The one question we asked him was — he was born in 1917. You’ve seen the advent of television, the advent of computers, the advent of the internet. You’ve seen the advent of commercial flight. So what’s the one technology you think was the biggest thing? You’d think maybe the internet, maybe computers. Maybe that’s my bias because I work at Intel. But he says, “Without a question, GPS.” As a pilot, seeing the world before and after, that’s the biggest delta.

GamesBeat: Do you work with Project Alloy?

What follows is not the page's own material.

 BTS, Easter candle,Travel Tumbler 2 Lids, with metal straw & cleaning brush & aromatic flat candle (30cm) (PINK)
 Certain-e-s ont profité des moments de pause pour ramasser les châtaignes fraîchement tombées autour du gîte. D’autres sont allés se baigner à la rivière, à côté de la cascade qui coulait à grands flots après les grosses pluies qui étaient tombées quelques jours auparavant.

Pallister: The team that worked on that is the other lab down in Santa Clara. They’re the group that worked on all our sensing technologies. It’s a different team, but I work with those guys all the time. We’re trying a lot of different stuff. There are ways they’re related. With Alloy we said, “We have this great sensing technology. We have this high-performance PC technology. Let’s see how far we can push the envelope of putting it all in one form factor.”

We realized this is not necessarily the optimal form factor. We learned a lot of things. We think both the inside-out tracking technology and the 3D depth sensing technology are absolutely applicable across a lot of VR areas. But the way we saw the price and performance versus form factor and the fact we were getting increasing confidence on the WiGig side of things — the best way to deliver a high-performance PC experience is to wirelessly talk to a high-performance PC plugged into a wall outlet.

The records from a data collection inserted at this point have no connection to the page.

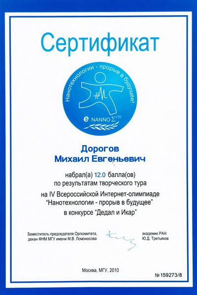 В 2010 году был выигран конкурс «СТАРТ» и заключен государственный контракт на выполнение НИОКР по теме «Разработка биологически активных препаратов на основе ультрадисперсных порошков металлов железа, кобальта и меди, способствующих повышению урожайности и качества сельскохозяйственной продукции в растениеводстве».
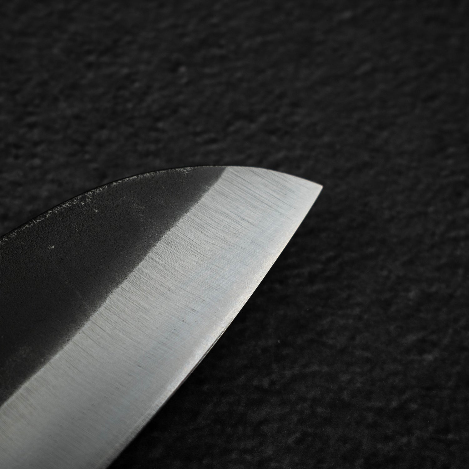 作為一把多用途的「三德」刀,這把三德刀在切肉、剁菜與剁魚方面都表現出色。請注意,刀芯與夾鋼皆為會生鏽的碳鋼;隨著時間會形成獨特的氧化色澤,並需要在使用後立刻沖洗與擦乾以防生鏽。
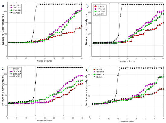 As can be seen in Figure 12, inspired by Figure 11, the proposed method outperforms PSO–HSA by about 1.08–1.32 times and TPSO-CR by about 1.18–1.34 times for the different sink locations. It is observed that the LEACH algorithm in round 16 has a network coverage of zero, which is much lower than the other methods. In general, the numerical results in Figure 12 demonstrate that the proposed method can cover the number of non-CHs more efficiently than PSO–HSA and TPSO-CR.
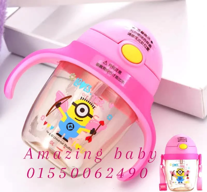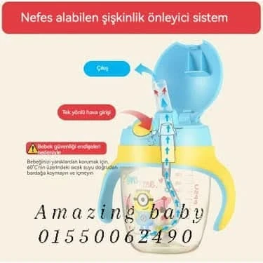 مصمم بغطاء علوى والكوب ليه ايد علشان الطفل يمسكه
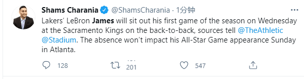来源:JRS直播网03-03 19:07JRS直播网讯北京时间3月3日,名记Shams在湖人输给太阳的比赛后爆料,湖人对阵国王的背靠背的比赛中,詹姆斯将轮休。这是这位36岁的老将,本赛季第一次轮休。
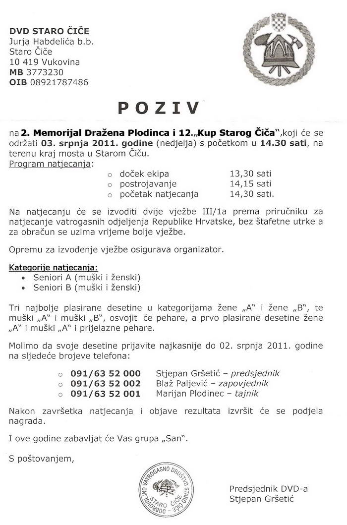 03.srpnja 2011. godine (nedjelja) od 14.30 sati,
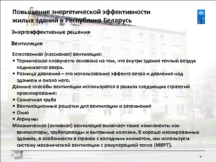 Повышение энергетической Residential Buildings Improving Energy Efficiency in эффективности жилых зданий в Belarus in the Republic of Республике Беларусь Энергоэффективные решения Герметичность • Сведение к минимуму потерь инфильтрацией • Комфорт • Preventing Mold Жидкая вода Испытания под давлением (метод «аэродверь» ) для обнаружения утечек воздуха. Приемлемый уровень герметичности: естественная вентиляция n 50 ≤ 3, 0 ч-1 Механическая вентиляция n 50 ≤ 1, 5 ч-1 n 50 = скорость воздухообмена при разнице давлений 50 Па (кратность воздухообменов в час) Кривая точки росы Водяной пар Внутренняя точка росы для здания 8
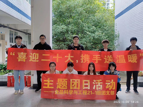 为迎接党的二十大胜利召开,营造校园国庆节日氛围,为默默守护学生的后勤工作人员送去温暖,365电子娱乐官方网站食品科学与工程21-1班团支部于10月6日开展“喜迎二十大,携手送温暖”主题团日活动。
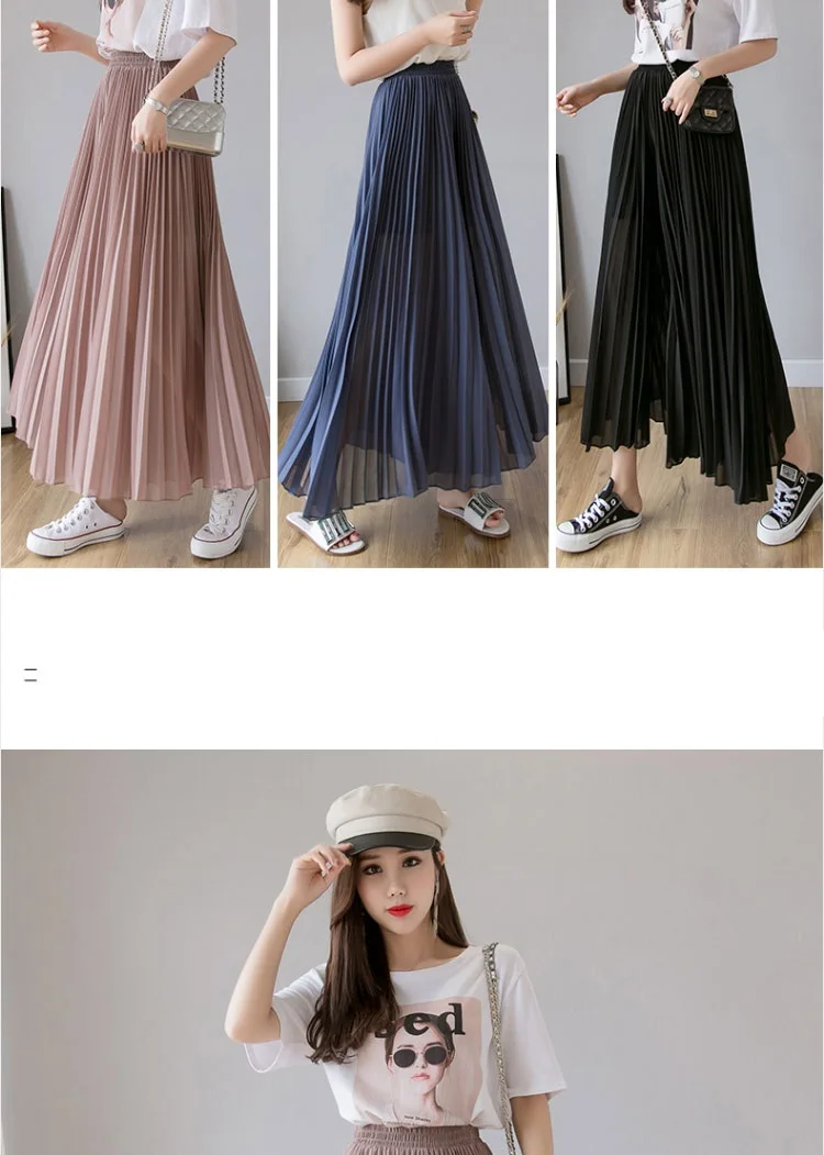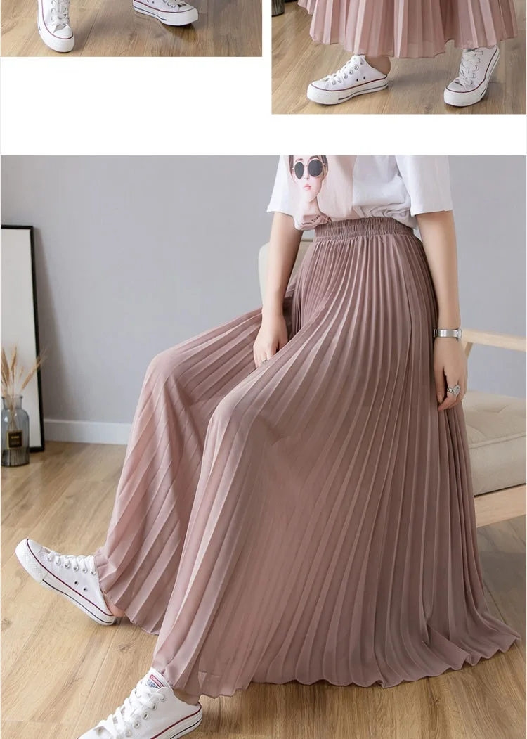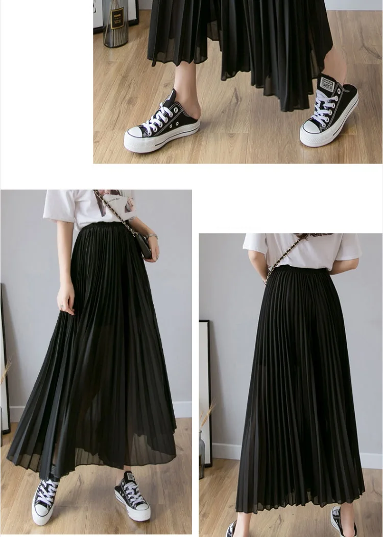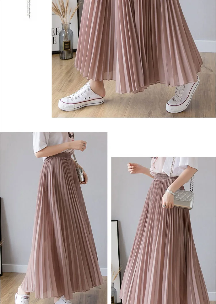 Thin Chiffon Pleated High waist Elastic Wide-leg pants

GamesBeat: Is the dev kit for Alloy still supposed to come out this year?

Pallister: I think we’ve said we’re not necessarily doing it. We haven’t seen that much interest. All the technologies are still applicable, so we’re looking at ways to deliver those. Guys on my team are taking that same inside-out tracking tech and integrating it into the smartphone demo you saw there. We’re working on that now. The tech is still very much being worked on, but we’ve seen there isn’t necessarily a good fit for bulky-form-factor PC on your head. If you want the PC-quality experience, you’re better off with a full-powered PC and doing it wirelessly.

All the technology components are still there. But bringing it to market as-is, that was never our intent. It was a proof of concept to try out all these different things. We saw that you don’t want to have the wire and that the PC experience can deliver a more rich experience than what you can deliver on your phone. One way is to say, “How much PC can we deliver in something you wear on your head?” Another is to say, “How do I remotely deliver the signal from the PC wirelessly?” The latter turned out to have more legs.

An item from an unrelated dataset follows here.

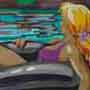 Julie's collage work grew from cards she created as party invitations. Each collage’s design begins as a sketch. The sketch is then converted to a line drawing, and that line drawing becomes a pattern. Each vinyl piece is meticulously cut (in reverse) and adhered to a surface, thereby creating the final collage. Experimentation with many surfaces over the years has revealed that heavy guage acetate yields the best results.
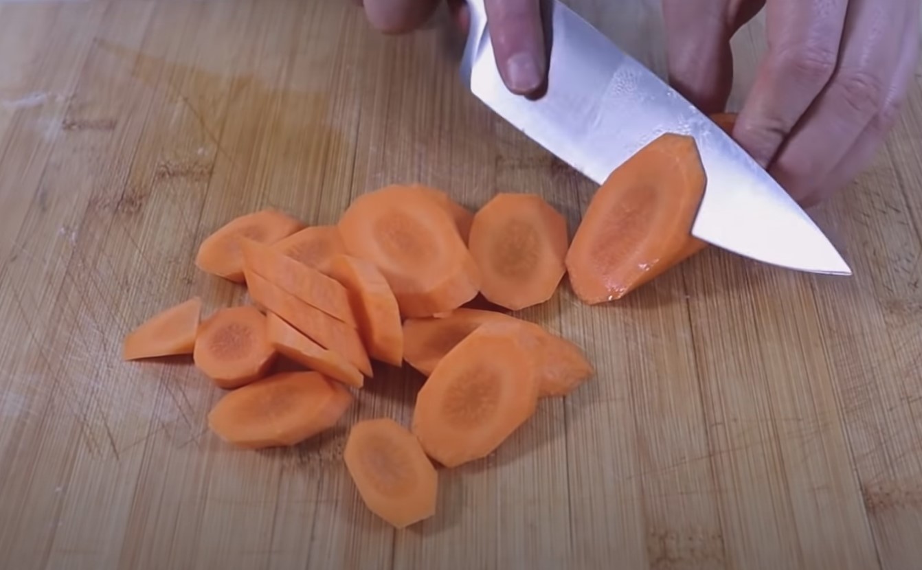 Marchewkę umyj, obierz i pokrój na nieco grubsze plasterki.

GamesBeat: It seems like more people are still pursuing the stand-alone headsets, though.

Pallister: There are people working on them. Facebook talked about theirs. The Oculus guys talked about theirs. There will be a place for those things. Even putting our position in PCs aside, I think we’re quite a ways off still from people doing enough VR that buying a dedicated appliance that does nothing but VR makes sense.

You can imagine certain verticals where it makes sense. Something you use in a retail outlet to demo products to people, something like that. But for all these other spaces, whether it’s smartphone based or PC based, you have this Swiss-army-knife platform you use for a bunch of things and therefore, you can justify spending — what’s Apple charging for the latest phone? $1000? Or you can justify a high-end PC. But are you doing enough VR that you can justify that price? If you can’t, you end up putting less compute in there, and you deliver a less good experience.

It’s not surprising that people are working on that. I think they’ll have their place. But our bet right now is that the biggest employment you’re going to see with these things is on general-purpose compute platforms, whether it’s a phone at the low end or a high-end PC or something on the spectrum in between.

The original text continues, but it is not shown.